Milk polar lipids (MPL) are specifically rich in milk sphingomyelin (MSM) which represents 24% of MPL. Beneficial effects of MPL or MSM have been reported on lipid metabolism, but information on gut physiology is scarce. Here we assessed whether MPL and MSM can impact tight junction expression. Human epithelial intestinal Caco-2/TC7 cells were incubated with mixed lipid micelles devoid of MSM (Control) or with 0.2 or 0.4 mM of MSM via pure MSM or via total MPL. C57Bl/6 mice received 5 or 10 mg of MSM via MSM or via MPL (oral gavage); small intestinal segments were collected after 4 h. Impacts on tight junction and cytokine expressions were assessed by qPCR; IL-8 and IL-8 murine homologs (Cxcl1, Cxcl2) were analyzed. In vitro, MSM increased tight junction expression (Occludin, ZO-1) vs Control, unlike MPL. However, no differences were observed in permeability assays (FITC-dextran, Lucifer yellow). MSM increased the secretion and gene expression of IL-8 but not of other inflammatory cytokines. Moreover, cell incubation with IL-8 induced an overexpression of tight junction proteins. In mice, mRNA level of Cxcl1 and Cxcl2 in the ileum were increased after gavage with MSM vs NaCl but not with MPL. Altogether, these results suggest a specific action of MSM on intestinal tight junction expression, possibly mediated by IL-8. Our study provides clues to shed light on the beneficial effects of MPL on intestinal functions and supports the need for further mechanistic exploration of the direct vs indirect effects of MSM and IL-8 on the gut barrier.

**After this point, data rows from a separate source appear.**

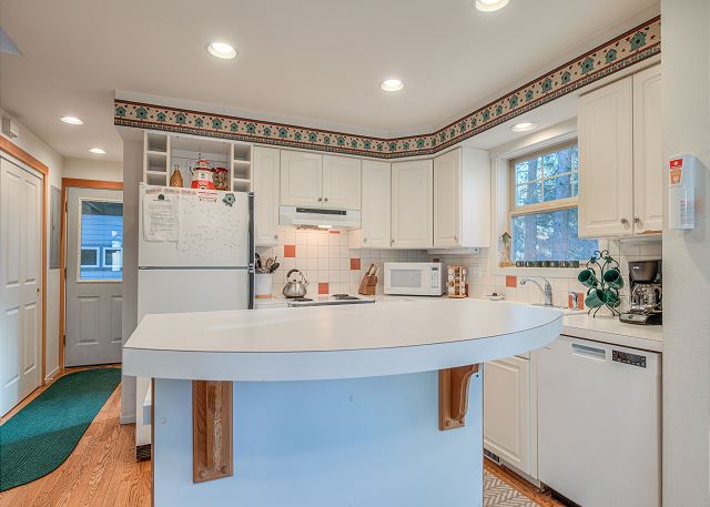 Full Kitchen, Refrigerator, Drip Coffee Maker, Microwave, Toaster, Cookware, Blender, Dishwasher, Oven, Kitchen Island, Kettle, Stove, Kitchen towels, Hot Pads, Hand Mixer, Can Opener
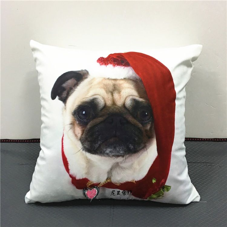 Lovely Pug Dog Wearing Christmas Hat Cushion Cover Bull Terrier
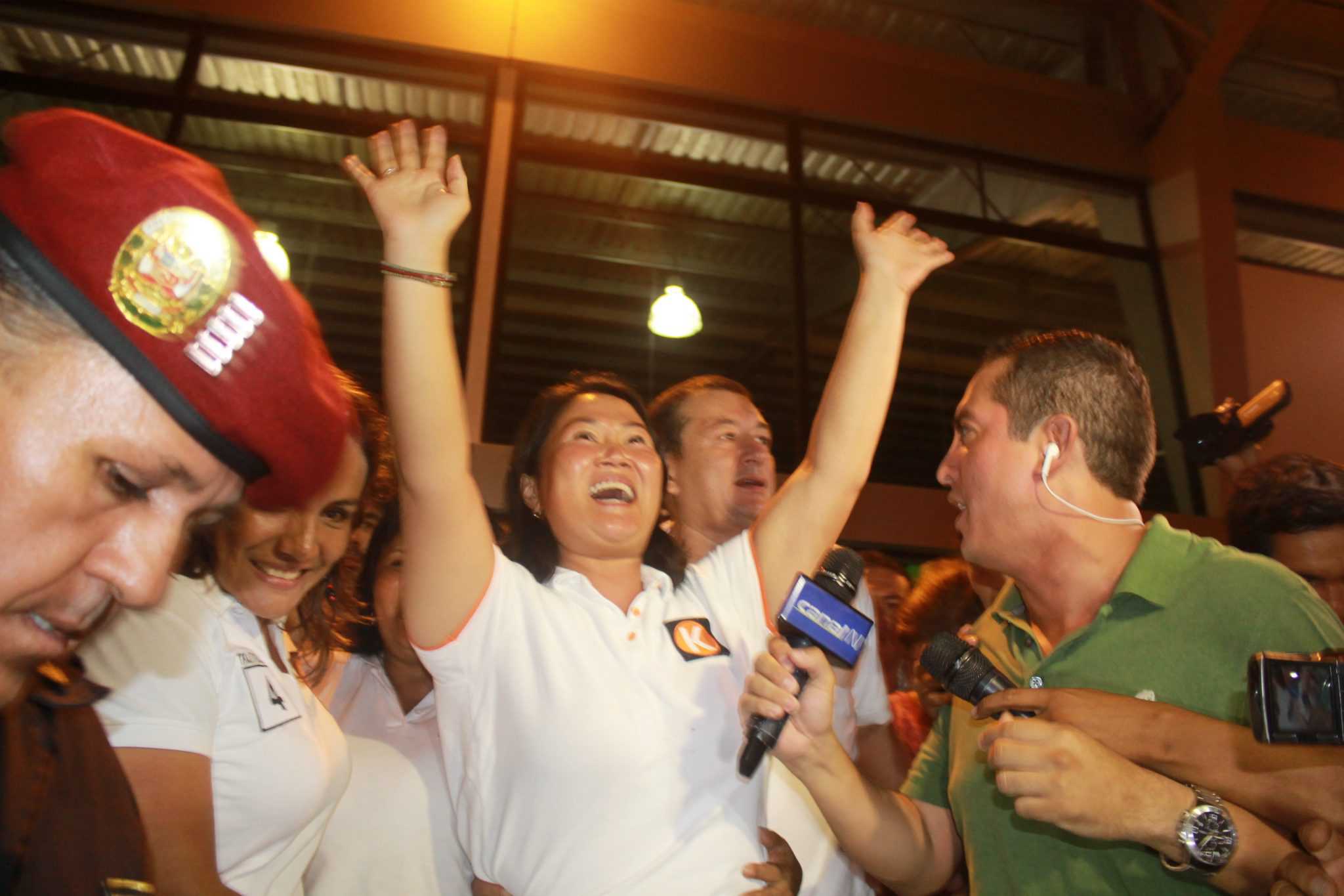 Fujimori Higushi, llegó al aeropuerto de Tarapoto a las 9 de la noche, luego de un maratónico día, donde realizó tres mítines.
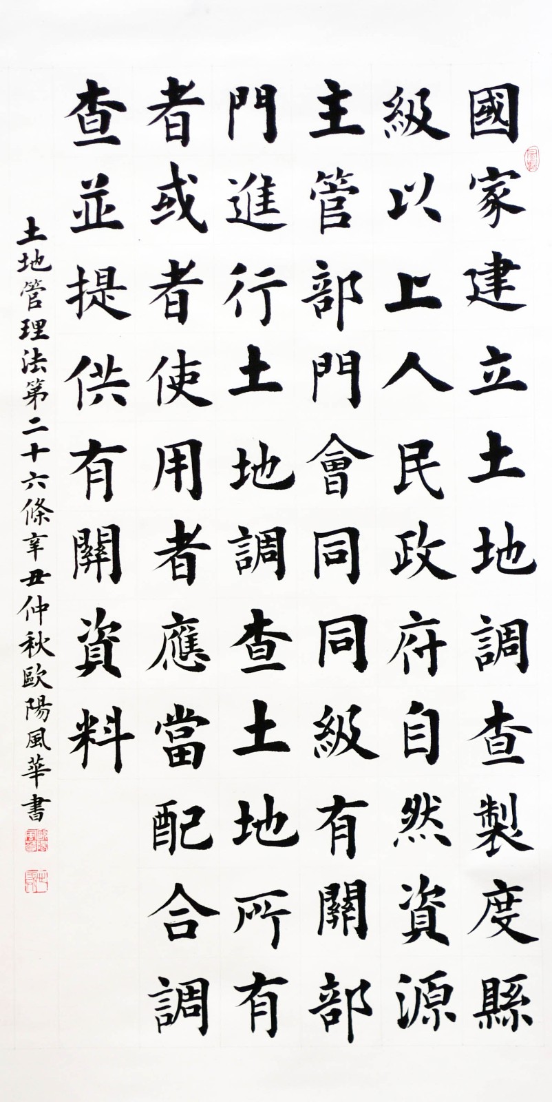 繼1600余位書法家參與書寫《中華人民共和國民法典》全部1260條法條之后,法治日報社聯(lián)合自然資源部法規(guī)司、自然資源部書畫研究會和北京昌平書法家協(xié)會,將筆端對準土地管理“一法一條例”,即《中華人民共和國土地管理法》和《中華人民共和國土地管理法實施條例》。
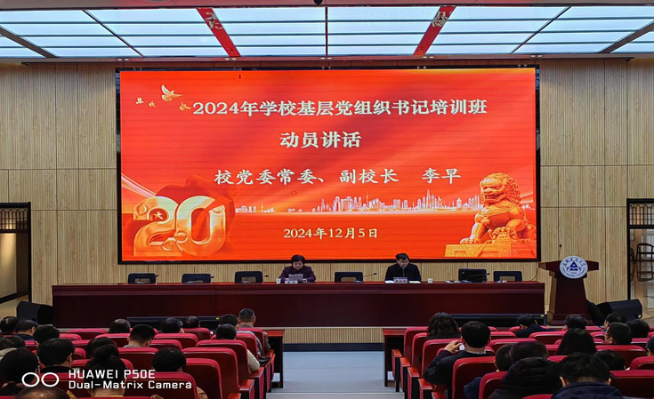 校党委常委、副校长李早出席开班式并作动员讲话,校党委常委,组织部部长吴运传主持开班式。李早指出:学校举办2024年度基层党组织书记培训班,深入学习贯彻习近平新时代中国特色社会主义思想和党的最新创新理论,推进落实省委巡视反馈问题整改和省委教育工委组织开展的党员发展问题专项治理工作,推动促进新时代党建质量创优和示范创建在学校基层党组织落实落地,非常必要,非常及时,非常有效。
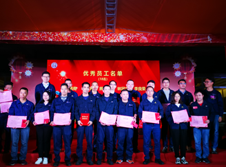 接着,副总经理岑国明宣读了《2019年表彰文件》。表彰了产量标兵、优秀员工、最佳进步团队、优秀管理者、合理化建议、表现突出者、先进集体、创新贡献,8个奖项。董事长周腾芳、总经理周建新、副总经理岑国明分别给获奖团队和个人颁发了奖牌、奖状和奖金。每个获奖的团队和个人,都笑得特别灿烂,这是一种被认同的幸福感。
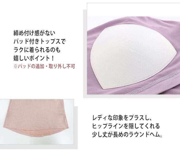 締め付け感がないパッド付きトップスで

Milk Polar Lipids in a High-Fat Diet Can Prevent Body Weight Gain: Modulated Abundance of Gut Bacteria in Relation with Fecal Loss of Specific Fatty Acids.

SCOPE: Enhanced adiposity and metabolic inflammation are major features of obesity associated with altered gut microbiota and intestinal barrier. How these metabolic outcomes can be impacted by milk polar lipids (MPL), naturally containing 25% of sphingomyelin, is investigated in mice fed a mixed high-fat (HF) diet . METHODS AND RESULTS: Male C57Bl/6 mice receive a HF-diet devoid of MPL (21% fat, mainly palm oil, in chow), or supplemented with 1.1% or 1.6% of MPL (HF-MPL1; HF-MPL2) via a total-lipid extract from butterserum concentrate for 8 weeks. HF-MPL2 mice gain less weight versus HF (p < 0.01). Diets do not impact plasma markers of inflammation but in the liver, HF-MPL2 tends to decrease hepatic gene expression of macrophage marker F4/80 versus HF-MPL1 (p = 0.06). Colonic crypt depth is the maximum in HF-MPL2 (p < 0.05). In cecal microbiota, HF-MPL1 increases Bifidobacterium animalis versus HF (p < 0.05). HF-MPL2 decreases Lactobacillus reuteri (p < 0.05), which correlates negatively with the fecal loss of milk sphingomyelin-specific fatty acids (p < 0.05). CONCLUSION: In mice fed a mixed HF diet, MPL can limit HF-induced body weight gain and modulate gut physiology and the abundance in microbiota of bacteria of metabolic interest. This supports further exploration of how residual unabsorbed lipids reaching the colon can impact HF-induced metabolic disorders.